SUPPLIED DATA>
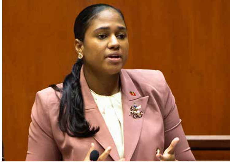
Housing Minister, Maria Bird-Browne

Minister Bird-Browne reported that the housing revolution is well on the way with 400 homes earmarked for Oliver’s that will feature a combination of homes constructed by the National
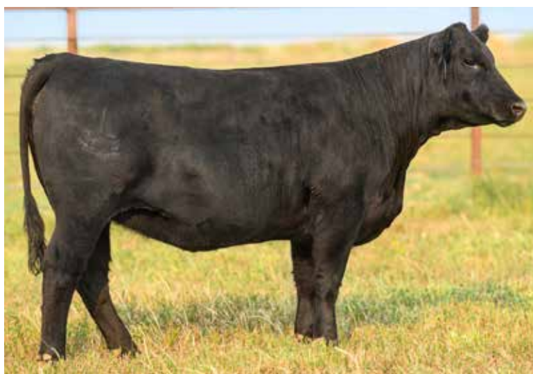
KCC1 MS EMPIRE 0042 OFFERED BY KEARNS CATTLE COMPANY

KCC1 Ms Carver 0062 is a big boned, bold centered, powerful hipped daughter of the $33,000 TKCC Carver 65C, tracing to the legendary matriarch known as Ford RJ Dolly Y83. The dam of 0062 was our selection from the Hanel's Simmental female sale a few years ago that is sired by Premium Beef and from a top S A V Bismarck 5682 dam. AI BRED ON 4/15/21 TO KCC1 WAR CRY 878G (ASA: 3678383). PE FROM 5/10/21 TO 7/10/21 TO BAR CK 3016A 9045G (ASA: 3766652).
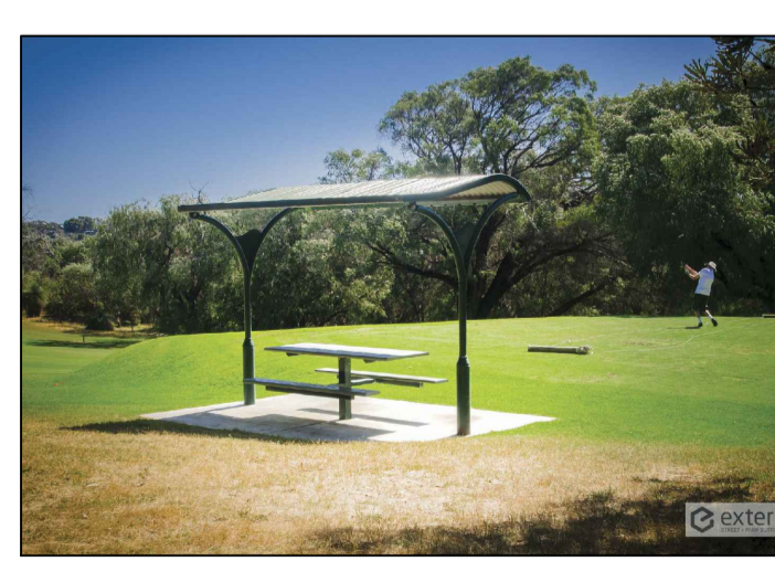
8 New picnic table and shelter to match existing (montego by Exteria or equal). New and existing shelter shall have security lighting subject to power availability and funding.
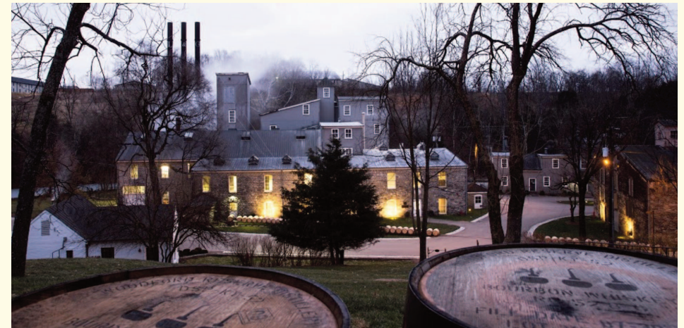
Woodford Reserve Distillery
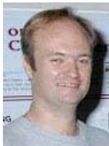
Michael Lindsay First Time Meeting Attendee Award
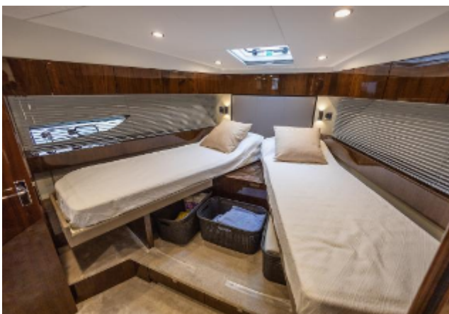
Fairline Squadron 48 For Sale
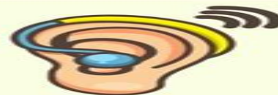
Vision and hearing problems
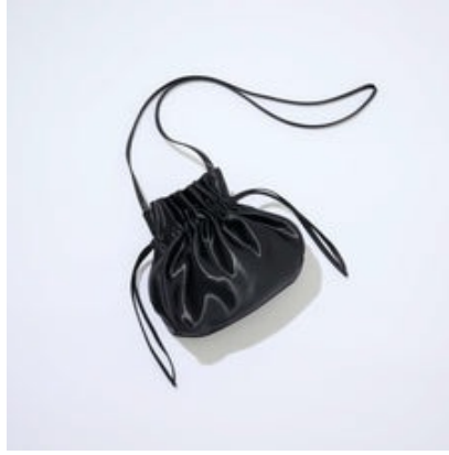
Shiny Shell Bag Black MM-ShinShellB-bk Retail $ 80.00

WHAT THE TASK ASKS> Needed here is only the span from the line with "Vision and hearing problems" through the last line of the entries, copied exactly with both ends and without pictures.

FINISHED TASK>
Vision and hearing problems
Shiny Shell Bag Black MM-ShinShellB-bk Retail $ 80.00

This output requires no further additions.